See details: http://bioconductor.org/packages/release/bioc/manuals/TCC/man/TCC.pdf (page 22-24)

Extraction of high-profile genes (Sort for "Gene2Pubmed")

The gene2pubmed dataset is a manually curated gene to PubMed literature relationship dataset provided by NCBI. Sorting genes by the number of corresponding literature citations in PubMed enables a user to sort by whether a gene is ‘famous’ or not.

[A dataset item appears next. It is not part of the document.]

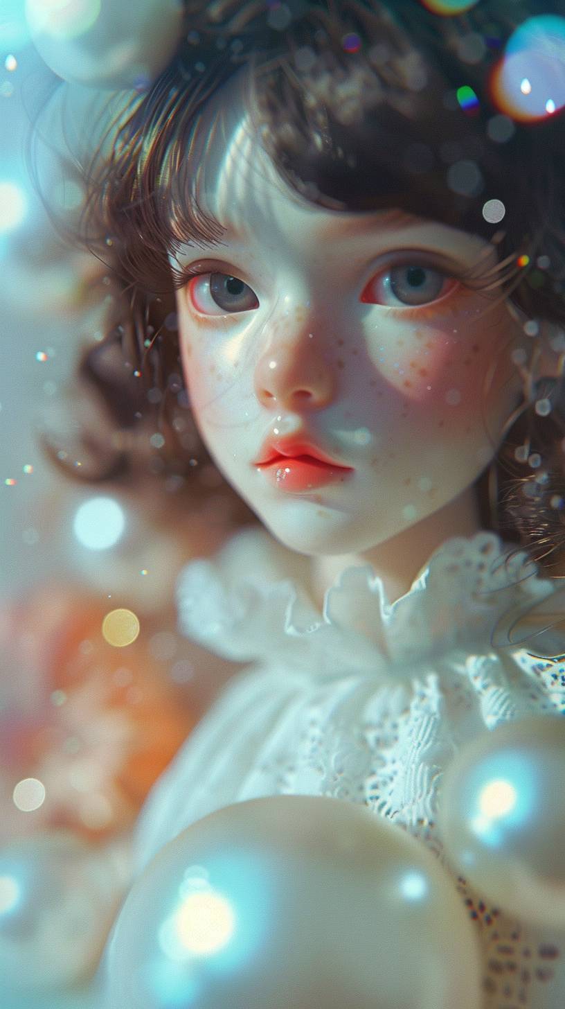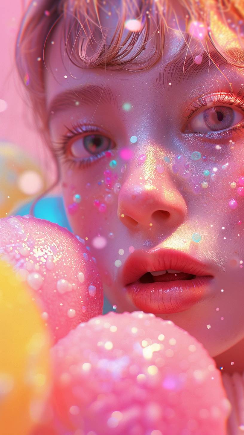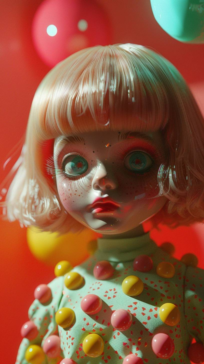 球形關節玩偶覆蓋著淡彩馬卡龍,短髮,大眼睛,紅唇,長睫毛,明亮的陽光,燈光,閃光粉,高分辨率,流行藝術,明亮,柔和的色彩,傾斜攝影::3,以電影靜態畫面的風格,漩渦光暈,作為全身照,對比強烈,Flickr,模擬,12mm,真實的,超真實的皮膚紋理和面部特徵,真實的身體和解剖結構,藝術光暈,鏡頭光暈,數碼單反::1 1.5::1

  • Original source: ftp://ftp.ncbi.nlm.nih.gov/gene/DATA/gene2pubmed.gz
  • Script: gene2pubmed.pl

From the original source, each column of Tax_ID is obtained the following,

  • human (H. sapiens)
    Taxonomy ID: 9606

  • mouse (M. musculus)
    Taxonomy ID: 10090

  • Rat (R. norvegicus)
    Taxonomy ID: 10116

Then count the number of pubmed IDs for each geneID.